Это был город, большой, черный, возвышающийся над равниной. Двадцатью огромными террасами, каждая высотой в тридцать метров, он вздымался над плато. Квадрат длиной километра полтора лежал в его основании, а в центре каждой из сторон были ворота, по бокам которых стояли большие конусообразные аметистовые обелиски. На нижнем уровне террас других входов мы не заметили, а вот на более высоких уровнях виднелись круглые проходы, семь-десять метров в ширину, расположенные посередине каждой из стен и открывающиеся на все стороны света. А на вершине гигантской пирамиды, на самом кончике огромного черного конуса, находился здоровый кристаллический шар, холодно сияющий в свете солнца.
Мы подлетели к ближайшим воротам, остроконечному полукругу, темно-зеленого, почти черного цвета. И правда, мы еще раз посмотрели на каменные стены и на равнину, чтобы убедиться, что они другого цвета, да — они были черные и блестящие. Ворота имели зеленый оттенок практически по всей своей площади, за исключением самой середины, где сиял бледно-голубой овал какого-то металла. Светился он сам по себе, но на ощупь оказался холодным, жутко холодным. По краям ворот проходила узкая полоска из чистого золота, с миллионами выгравированных на ней причудливых узоров.
При ближайшем рассмотрении, на самой стене не обнаружилось ни одного стыка, ни одного блока или паза.

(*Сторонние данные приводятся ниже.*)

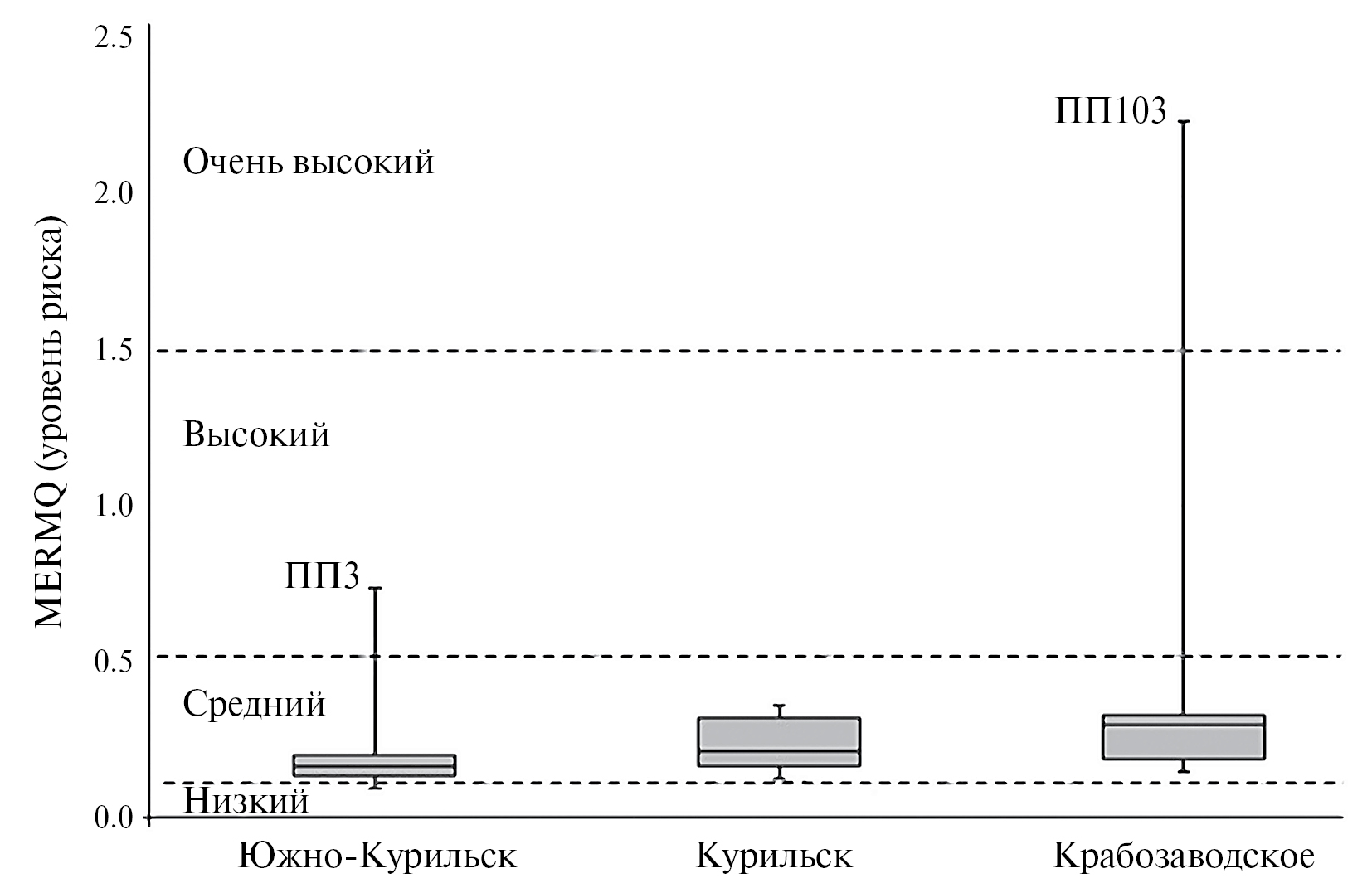 Среднее значение MERMQ почв в пределах г. Курильск ниже и составляет 0.225, диапазон значений – от 0.121 до 0.356. Все изученные в пределах города почвы имеют уровень среднего риска токсичности. Максимальный риск токсичности выявлен в южной части города, где расположена ремонтная база и засольный цех. Риск токсичности почв этого района обусловлен загрязнением Ni, Cr и Pb.

Она казалась целиком высеченной из плато, как вырезают храмы в камне гранитных гор.
И на каждом квадратном сантиметре поверхности стены извивались линии изысканных узоров, настоящий лабиринт, с углами и дугами, невероятно изящный и очень четкий, весь выполненный в одном ключе, но, тем не менее, мы не заметили ни одного повтора. Всегда было какое-нибудь, едва заметное, изменение, которое нарушало однообразие и придавало новые очертания. В целом это было чудесное и удивительно красивое зрелище.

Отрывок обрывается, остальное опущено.